- Born: September 30, 1933 Chicago, Illinois, United States
- Died: May 24, 1989 (aged 55)
- Genres: Jazz
- Occupation: Drummer
- Formerly of: Air, Fred Anderson, Creative Construction Company

= Steve McCall (drummer) =

American jazz drummer (1933–1989)

Steve McCall (September 30, 1933 – May 24, 1989) was an American jazz drummer.

==Biography==
McCall was born in Chicago, Illinois, United States. As a young child, he "experienced a musical epiphany" when he was given an opportunity to play a drum in Chicago's annual Bud Billiken Parade.

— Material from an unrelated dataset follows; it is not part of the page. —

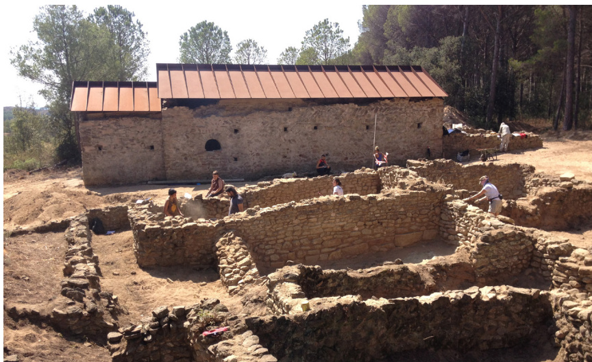
>> Treballs d'excavació al sector del poblat de Sidillà durant la intervenció de 2016.

As a teenager, he attended Englewood High School in Chicago and studied music theory, Latin percussion, and classical percussion. After high school, he left to join the U. S. Air Force, then, in 1954, returned to Chicago, where he took a job in the airline industry. He soon bought his first drum set and began using free air travel passes to study with drummer Charles "Specs" Wright in Philadelphia. He also began freelancing, playing with Lucky Carmichael, Booker Ervin, Charles Stepney, Gene Shaw, and Ramsey Lewis.

In 1961, McCall befriended pianist Muhal Richard Abrams, and began playing with Abrams' Experimental Band, which brought him into contact with like-minded Chicago-based musicians. Over the coming years the two also played in a trio format with multi-instrumentalist Donald Rafael Garrett, and well as in a quintet which included Garrett plus saxophonists Gene Dinwiddie and Roscoe Mitchell. McCall went on to become one of the founders of the AACM, established in 1965, initially serving as treasurer. During the mid-1960s, he continued to freelance with musicians and groups in a wide range of styles, from blues to bop to free jazz. In 1966, he participated in the recording of Joseph Jarman's debut album Song For.

In 1967, McCall moved to Amsterdam, the first AACM member to visit Europe, and was soon playing with expatriates such as Don Byas and Dexter Gordon. In 1968, he began playing in a group led by Marion Brown, featuring Gunter Hampel, Ambrose Jackson, and Barre Phillips. McCall would go on to record five albums with Brown. That year, McCall moved to Paris and joined an existing group whose members were Anthony Braxton, Leo Smith, and Leroy Jenkins. (The Braxton/Smith/Jenkins trio had recently completed work on the album 3 Compositions of New Jazz). Together, the four recorded the albums Anthony Braxton and This Time... for BYG Actuel. During his stay in Paris, McCall served as a link between the first generation of European free jazz musicians and members of the AACM, playing and recording with Willem Breuker, the Instant Composers Pool, John Surman, Tony Oxley, and Gunter Hampel. Notable albums recorded during this time included Hampel's The 8th Of July 1969, which also featured Braxton and Jeanne Lee, as well as Gittin' to Know Y'All, recorded during the 1969 Baden-Baden Free Jazz Meeting.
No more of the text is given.